Reproduce the listing in full, exactly as written, but without images.

● DATASET SECTION
************
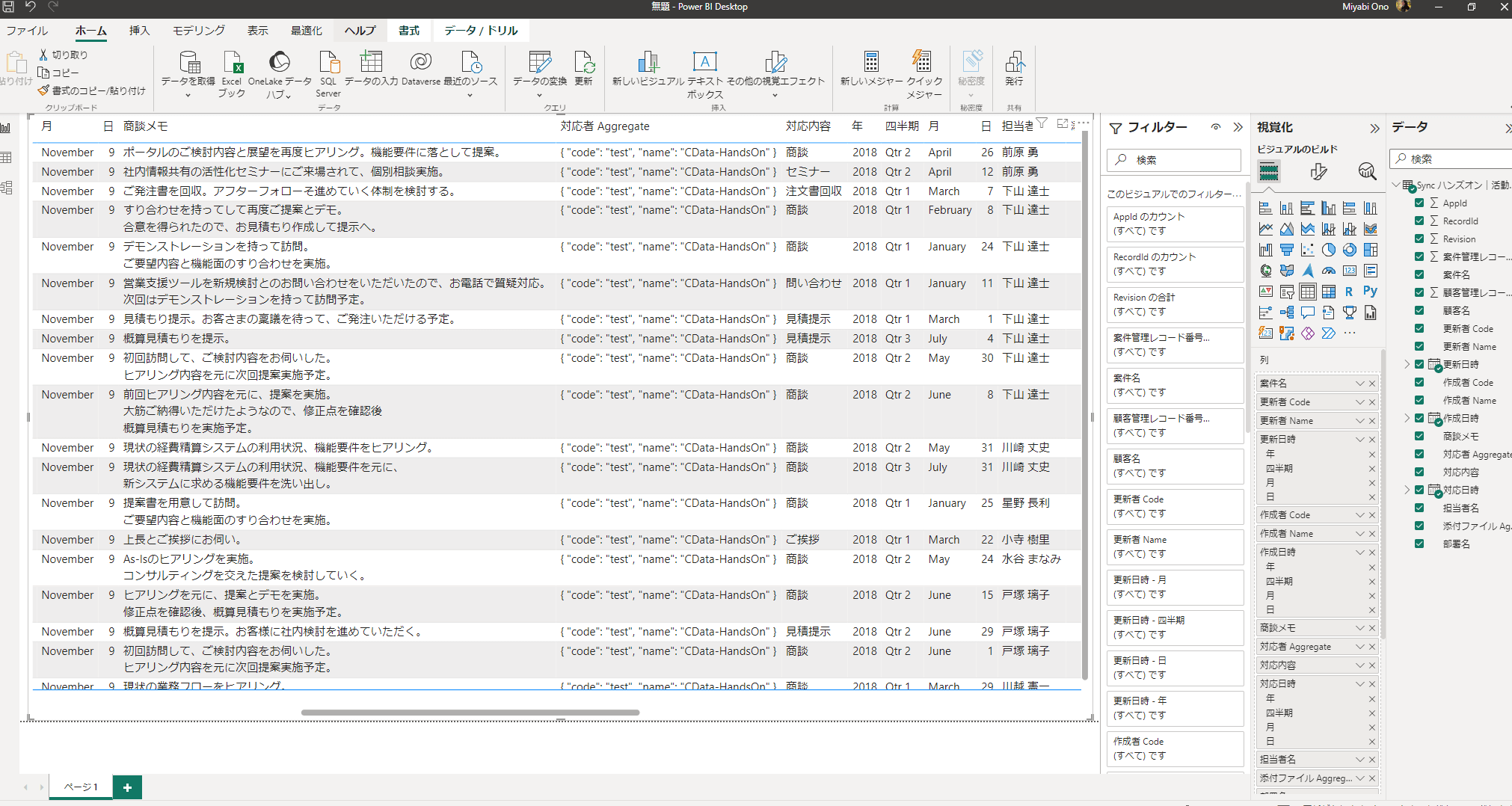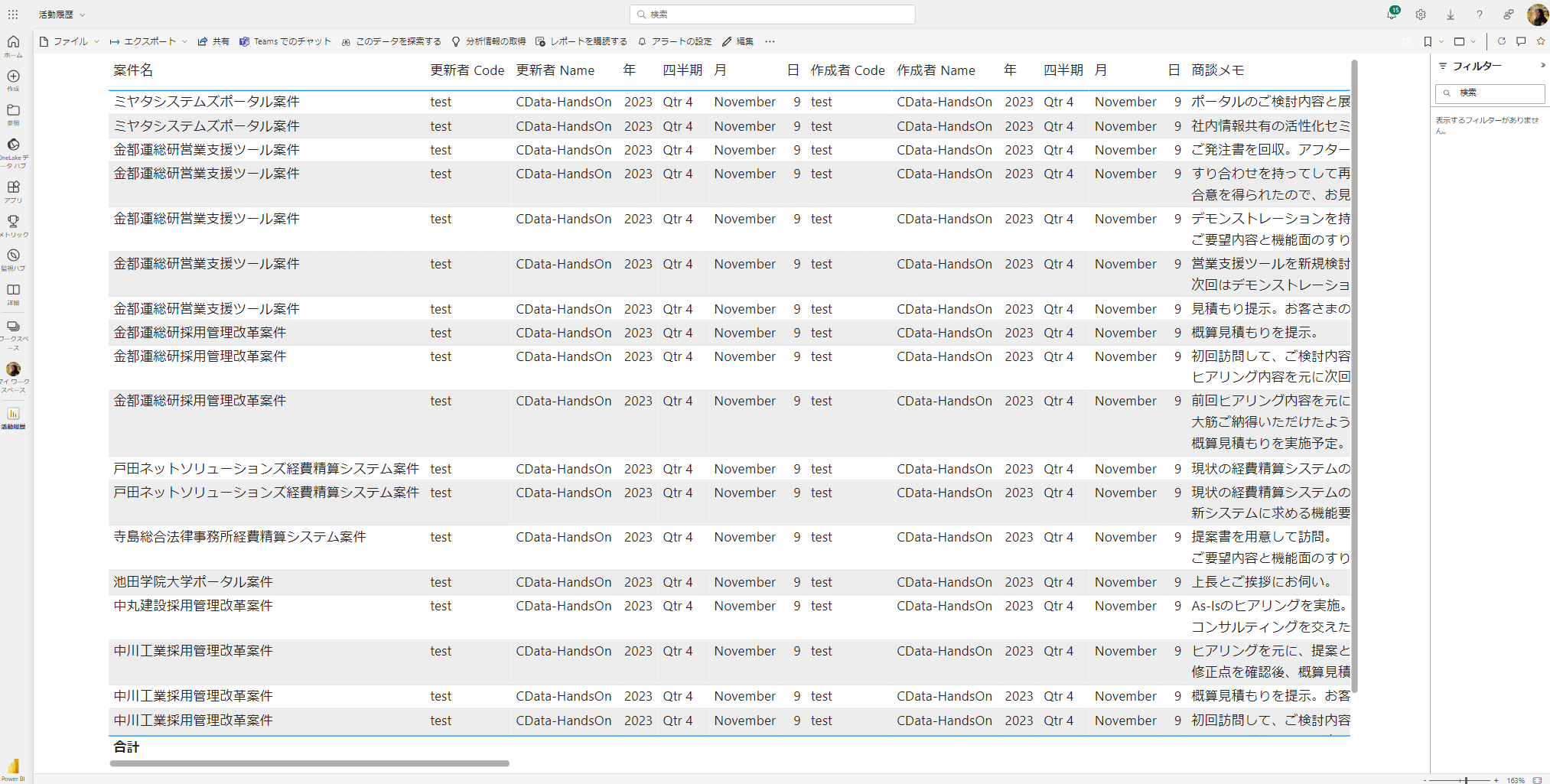 案件の活動状況を一目で見ることができるレポートを作成できました。
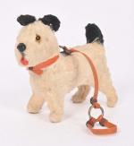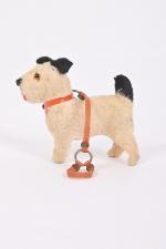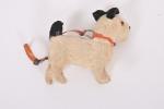 Fox, petit chien en composition garnie de fourrure, yeux de verre, collier orange, avec reste de laisse. L. 7 cm.
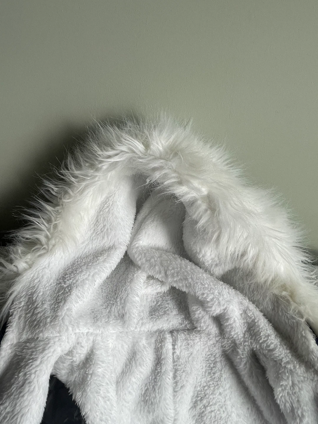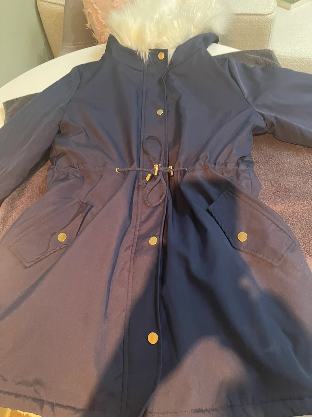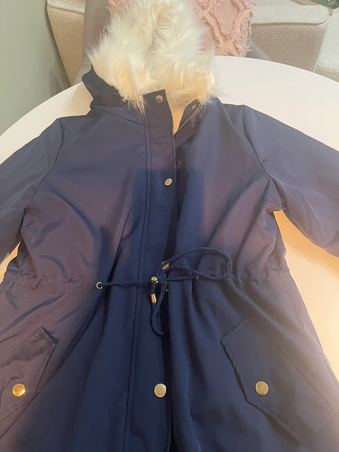 Cozy navy blue winter parka, perfect for those chilly Canadian days! It features a soft, faux fur-lined hood to keep you extra warm. The parka has a drawstring waist for a flattering fit and handy pockets for your essentials. The inside is lined with a soft white material.
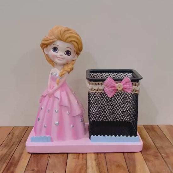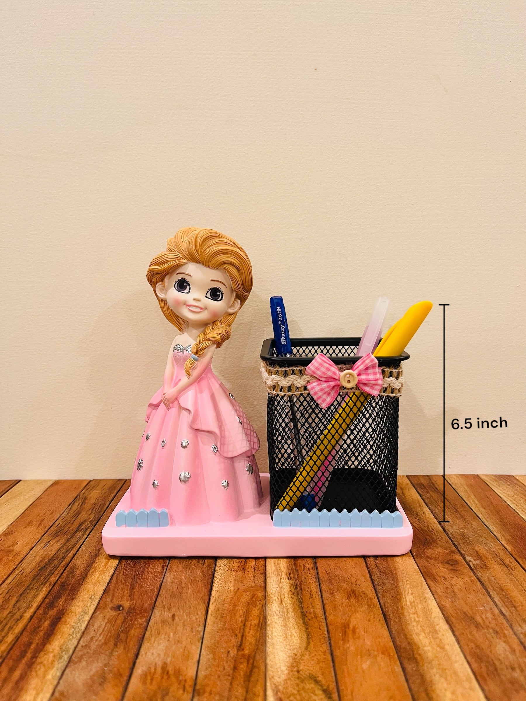 Elegant Resin and Metal Princess Pen Stand- Desk Organizer
************
● EXPECTED ANSWER
 案件の活動状況を一目で見ることができるレポートを作成できました。
 Fox, petit chien en composition garnie de fourrure, yeux de verre, collier orange, avec reste de laisse. L. 7 cm.
 Cozy navy blue winter parka, perfect for those chilly Canadian days! It features a soft, faux fur-lined hood to keep you extra warm. The parka has a drawstring waist for a flattering fit and handy pockets for your essentials. The inside is lined with a soft white material.
 Elegant Resin and Metal Princess Pen Stand- Desk Organizer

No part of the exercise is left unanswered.